According to display industry insider Ross Young – who has an impressive track record with display-related predictions – Apple intends to bring the Dynamic Island tech to the entire iPhone 15 range later this year. Replying to a tweet in September 2022, Young states that “Dynamic Island expected on standard models on the 15,”.

It’s worth noting that notable Apple leaker Mark Gurman has agreed with Young’s prediction in a January 2023 edition of his Power Up! Newsletter, and the Dynamic Island made an appearance on the leaked CAD renders too, all but confirming the upgrade to the iPhone 15’s display tech later this year.

See you later, notch! 

The iPhone 14 Pro Max Dynamic Island

The long-awaited switch to USB-C

This one has been a long time coming, and it seems like Apple is finally about to transition from Lightning to USB-C with the iPhone 15 – though not through its own choice. 

It all comes down to a new EU law that requires smartphone makers to switch to USB-C by 27 December 2024, and while that could mean Apple could squeeze out an additional year out of Lightning connectivity, all leaks and renders thus far all point towards it happening with the iPhone 15.

That’s great news for consumers as USB-C provides not only faster charge speeds but faster data transfer than the ageing Lightning standard, though online whispers do suggest that Apple could do the typical Apple thing and limit the fastest data transfer speeds to the Pro models, while the standard iPhone 15 and 15 Plus will have artificially stunted USB 2.0 speeds – the same as Lightning. 

Hey, at least you’ll be able to charge your iPhone with the widely used USB-C cable, right?

More power

This one is a bit of a given as every single generation of iPhone has boasted a new processor in a bid to keep its lead compared to the Android competition, and we expect the iPhone 15 to offer the same – however, it won’t be available on all models.

With the release of the iPhone 14 Apple changed processor tactics; rather than adding the new A16 Bionic chipset to the entire range, it was exclusive to the top-end Pro models while the iPhone 14 and 14 Plus got the year-old A15 Bionic chipset, though admittedly the boosted variant available in the 13 Pro models. 

The 6.1-inch OLED screen on the iPhone 14

With that in mind, it’s highly likely that the iPhone 15 and iPhone 15 Plus will boast the (still exceptional) A16 Bionic chipset used in the current iPhone 14 Pro models, while the next-gen A17 Bionic will likely be exclusive to the iPhone 15 Pro and Pro Max/Ultra models. 

The upgrade to the faster Wi-Fi 6E for improved connectivity on Wi-Fi 6E networks is also said to be in the works for the iPhone 15, though sources are yet to confirm whether it’ll be exclusive to the Pro models. 

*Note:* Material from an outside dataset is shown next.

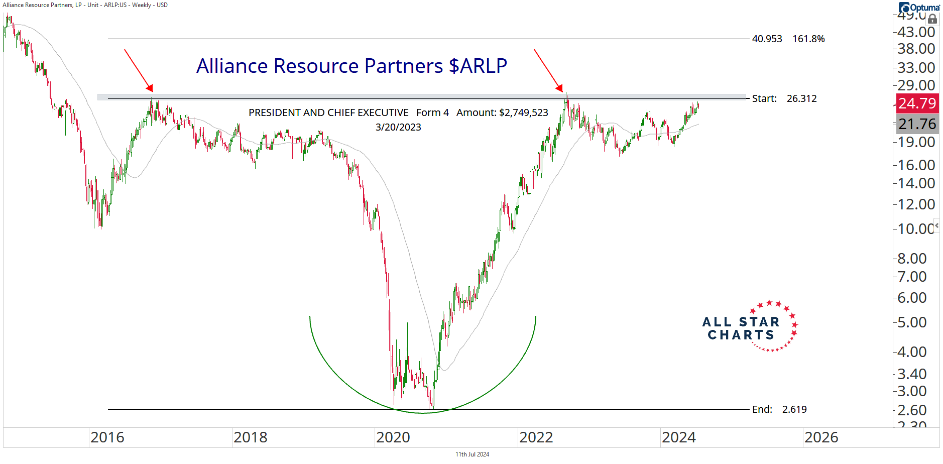 ARLP has traded in a well-defined range for the past two years as buyers absorb overhead supply at a critical resistance area.

Improved camera technology

While there are rumours circulating about the possibility of a periscope lens on an iPhone, the rumours are focused on the Pro (or even Ultra) models of the iPhone 15.

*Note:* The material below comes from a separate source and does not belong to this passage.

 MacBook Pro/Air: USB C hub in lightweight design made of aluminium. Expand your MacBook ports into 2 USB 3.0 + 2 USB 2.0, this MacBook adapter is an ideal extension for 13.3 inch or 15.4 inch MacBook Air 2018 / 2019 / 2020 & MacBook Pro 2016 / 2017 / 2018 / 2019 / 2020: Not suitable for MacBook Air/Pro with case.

Not much has been said about camera improvements for the standard iPhone 15 and iPhone 15 Plus. I’m sure many are hoping that it’ll get the same upgrade to a 48MP main camera as last year’s Pro models, but I’m not sure that’ll happen – Apple wants the ‘pro’ photographers to opt for the more expensive models, after all. 

That’s not to say that the iPhone 15 won’t boast any camera improvements though. In fact, rumours suggest that Apple could be working with Sony in a bid to finally eliminate the over- and under-exposure of images taken on smartphones. 

Nikkei sources have detailed information on the new sensor, which will also allegedly offer better portrait photography, even with strong light in the background. The report says this is largely down to a new architecture that allows the sensor to essentially double the saturation signal level within each pixel and capture more light.